Copyright © 2010 Nancy Rue
All right reserved.

ISBN: 978-0-310-71486-6

Chapter One

It was the best night of my life, it was the worst night of my life.

I think we read a book in Junior Honors English that started something like that. I couldn't tell you the title now. I usually forget stuff like that the day after the test.

Anyway, that night Honors English was the last thing on my mind. So was AP Chemistry and the crush I had on the guy who bagged my mother's groceries. All I was thinking about was basketball.

Specifically the fourth quarter of the game against Monument Valley High, which we had to win to take the county title. Actually, which I had to win. When Monument Valley called a long time-out-like, all of a minute long-Coach Deetz pulled us all into what he called a "puddle" (a "huddle" to any other coach), but his beady browns zinged to me at the end of every question. I was used to it.

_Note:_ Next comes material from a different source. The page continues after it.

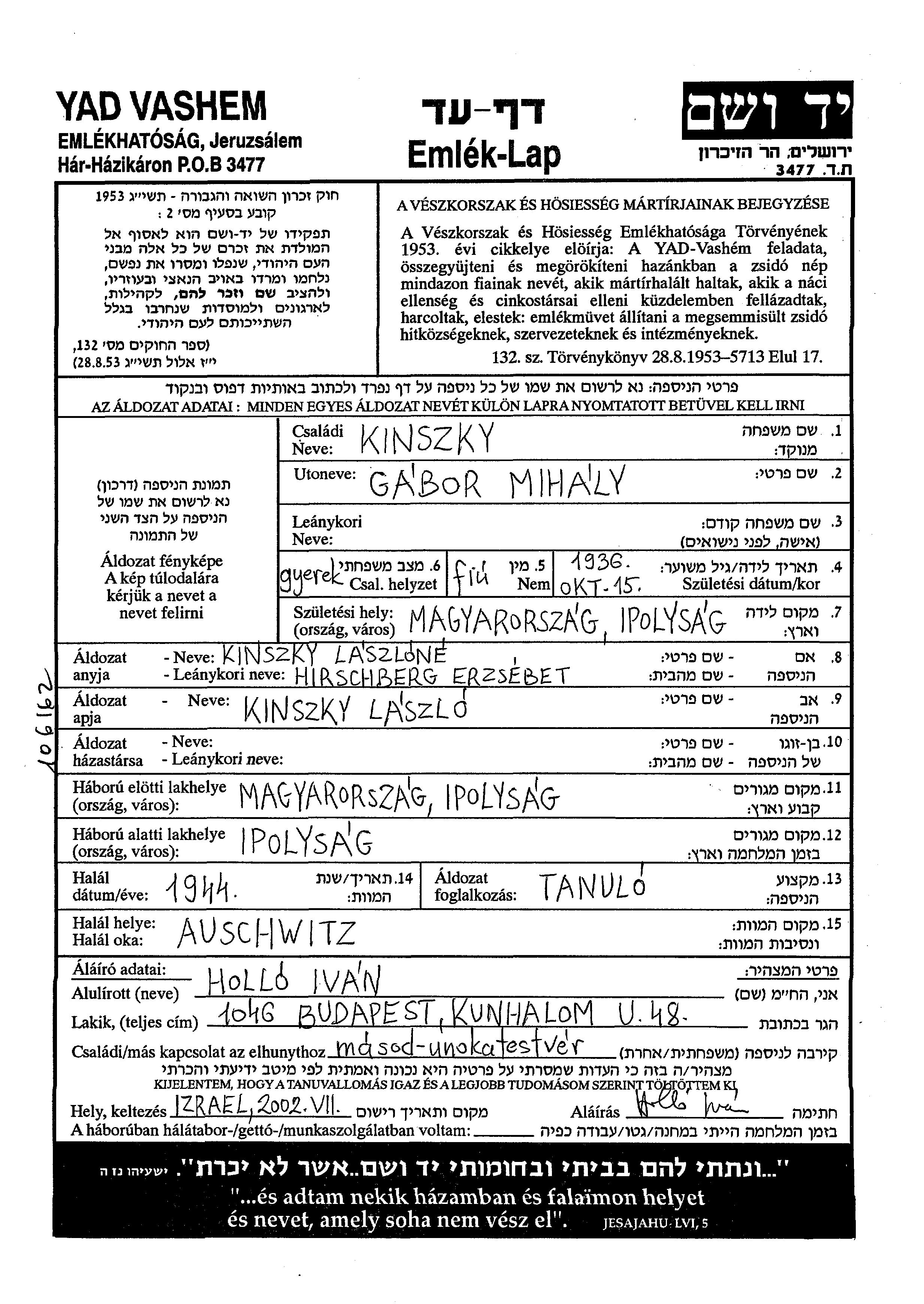 Gabor Mihaly wurde in der Schoah ermordet. Todesort: Auschwitz, Polen im Jahr 1944.

"What's the score, ladies?"

"Sixty-eight, sixty-eight," Kara said beside me.

A half dozen of my best friend's blonde curls had escaped from that messy bun thing she always did with her hair for games, and they were sweat-plastered to her temples. She could shoot with deadeye accuracy like nobody in El Paso County, but when the score got this close she usually choked. Reason number one why Coach's eyes kept flicking to me.

"And how much time is left on the clock?" he said.

"A minute thirty seconds," M.J. Martinez said, her voice so gone you could barely hear her accent.

The Trident gum Coach always decimated during games peeked raggedly out from under his left incisor. His eyes landed on me again. "What's going on, Cassidy?"

Behind us the crowd was stomping on the bleachers in rhythm with the pep band, a backbeat for the heaving breathing coming from the four girls around me in the puddle-M.J. and Kara and Hilary and Selena. The outer ring of fifteen who hadn't played this quarter looked on, envious and un-sweaty in their green warm-up jackets. We five slurped water and dripped on the gym floor and bent over, pressing our knees with our hands. Everybody was looking at me just like Coach was.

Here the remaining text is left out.